Benefits of Distributed Application Development
Because you ve chosen to read a book on .NET Remoting, you probably have some specific scenarios in mind for distributing an application. For completeness, we should mention a few of the general reasons for choosing to distribute applications.
Fault Tolerance
One benefit of distributed applications which arguably is also one challenge of using them is the notion of fault tolerance. Although the concept is simple, a wide body of research is centered on fault-tolerant algorithms and architectures. Fault tolerance means that a system should be resilient when failures within the system occur. One cornerstone of building a fault-tolerant system is redundancy. For example, an automobile has two headlights. If one headlight burns out, it s likely that the second headlight will continue to operate for some time, allowing the driver to reach his or her destination. We can hope that the driver replaces the malfunctioning headlight before the remaining one burns out!
By its very nature, distributed application development affords the opportunity to build fault-tolerant software systems by applying the concept of redundancy to distributed objects. Distributing duplicate code functionality or, in the case of object-oriented application development, copies of objects to various nodes increases the probability that a fault occurring on one node won t affect the redundant objects running at the other nodes. Once the failure occurs, one of the redundant objects can begin performing the work for the failed node, allowing the system as a whole to continue to operate.
Scalability
Scalability is the ability of a system to handle increased load with only an incremental change in performance. Just as distributed applications enable fault-tolerant systems, they allow for scalability by distributing various functional areas of the application to separate nodes. This reduces the amount of processing performed on a single node and, depending on the design of the application, can allow more work to be done in parallel.
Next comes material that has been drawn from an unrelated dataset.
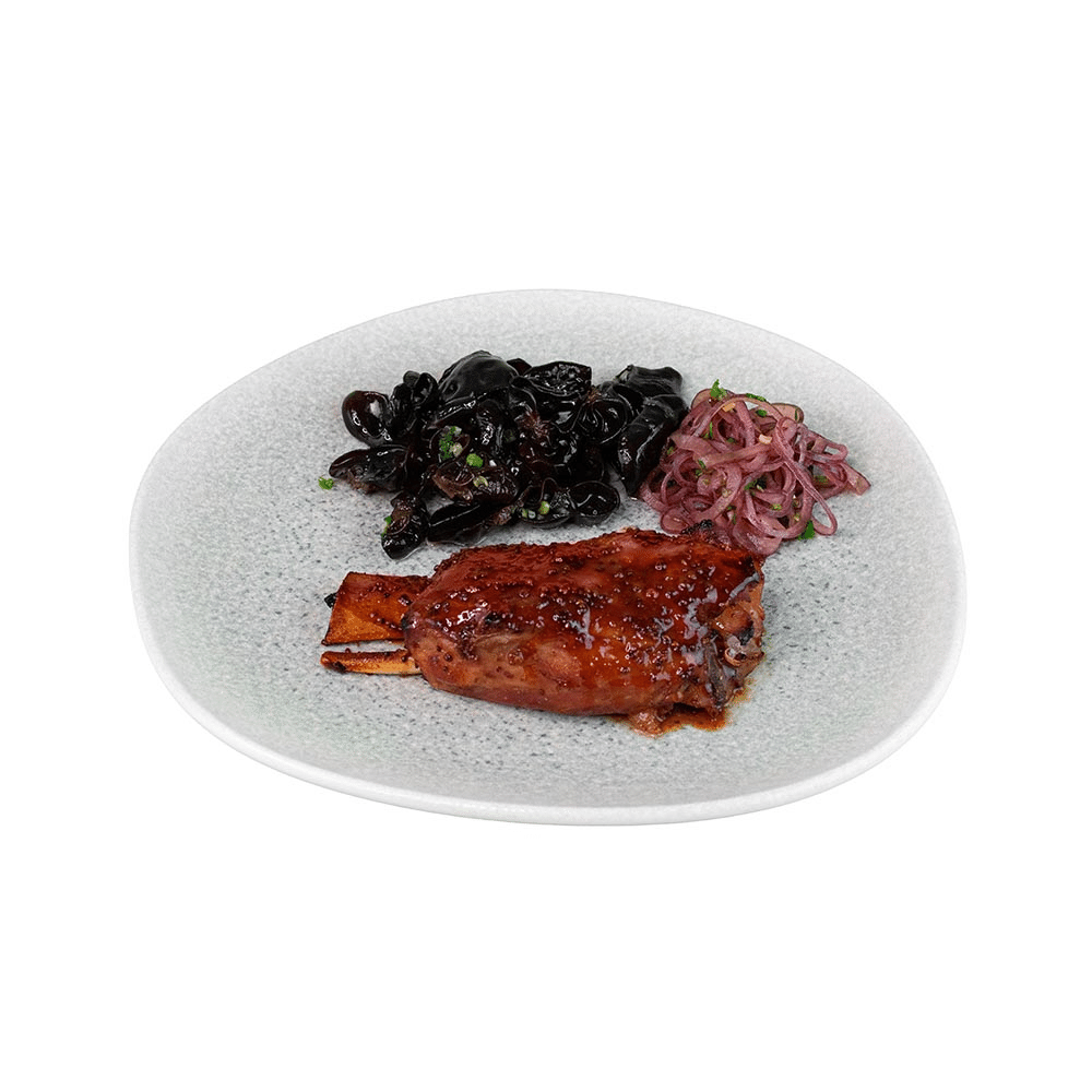 Запечённая маринованная рулька в домашнем соусе, подаётся с маринованными древесными грибами и красным луком

The most powerful cutting-edge hardware is always disproportionately expensive compared to slightly less powerful machines. As mentioned earlier in the three-tier design discussion, partitioning a monolithic application into separate modules running on different machines usually gives far better performance relative to hardware costs. This way, a few expensive and powerful server machines can service many cheaper, less powerful client machines. The expensive server CPUs can stay busy servicing multiple simultaneous client requests while the cheaper client CPUs idle, waiting for user input.
Administration
Few IT jobs are as challenging as managing the hardware and software configurations of a large network of PCs. Maintaining duplicate code across many geographically separated machines is labor intensive and failure prone. It s much easier to migrate most of the frequently changing code to a centralized repository and provide remote access to it.
With this model, changes to business rules can be made on the server with little or no interruption of client service. The prime example of this model is the thin-client revolution. Thin-client architectures (usually browser-based clients) have most, if not all, of the business rules centrally located on the server. With browser-based systems, deployment costs are virtually negligible because Web servers house even presentation-layer code that the clients download on every access.
The principle of reduced administration for server-based business rules holds true even with traditional thick-client architectures too. If thick clients are primarily responsible for presenting data and validating input, the application can be partitioned so that the server houses the logic most likely to change.